Pediatr Hematol Oncol. 2003 Oct-Nov;20(7):563-7. doi: 10.1080/08880010390232790.
The authors describe an Indian child, who presented in the accelerated phase of the Chédiak-Higashi syndrome. The disease usually presents in early childhood with recurrent skin and mucosal infections. This patient had subtle pigmentary abnormalities and no family history of the disease, which made the clinical diagnosis difficult. The cytopenias, hepatosplenomegaly, lymphohistiocytic infiltrate in the bone marrow, and the characteristic granules in the leucocytes clinched the diagnosis.

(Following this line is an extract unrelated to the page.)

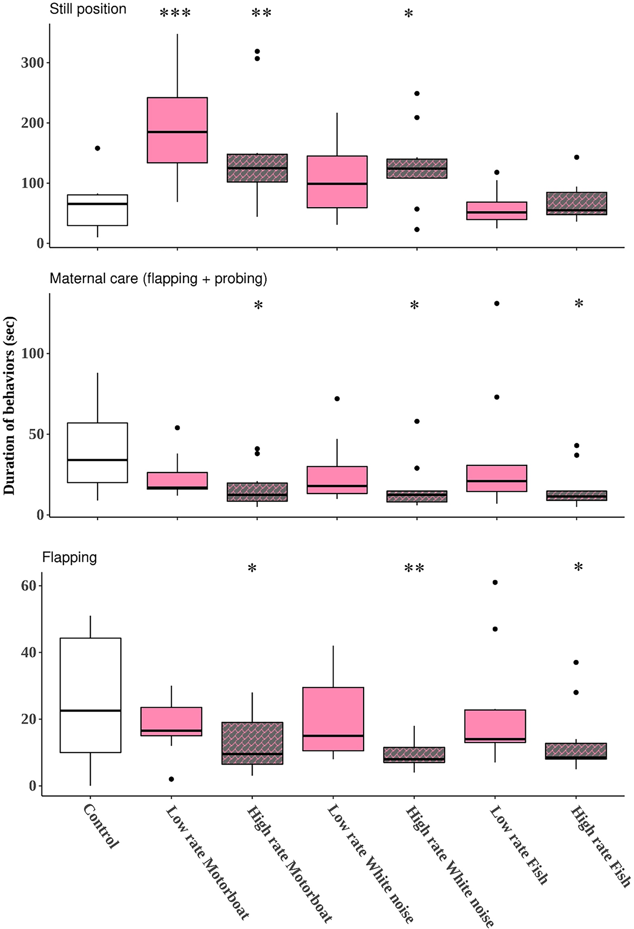 Results of the “test phase” showing the duration (sec) of the behavioral variables quantified: still position, maternal care (flapping + probing), and flapping, for each stimuli and patterns of emission (low rate motorboat, high rate motorboat, low rate white noise, high rate white noise, low rate fish, high rate fish) and the control without sound. High rate temporal emission patterns of the stimuli are represented with grey color, low rate temporal emission patterns of the stimuli with pink color and the control with white color. GLM, significant results: *** P < 0.001, ** P < 0.01, * P < 0.05. The asterisks represent the posthoc comparisons between the control and each treatment for the three behavioral variables.

This case underscores the importance of a bone marrow examination in patients with unusual presentations of rare disorders.
作者描述了一名患有切迪阿克-希加希综合征加速期的印度儿童。该疾病通常在幼儿期出现,伴有反复的皮肤和黏膜感染。这名患者有细微的色素沉着异常,且无该病家族史,这使得临床诊断较为困难。血细胞减少、肝脾肿大、骨髓中的淋巴细胞组织细胞浸润以及白细胞中的特征性颗粒确诊了该疾病。这个病例强调了对罕见疾病不寻常表现患者进行骨髓检查的重要性。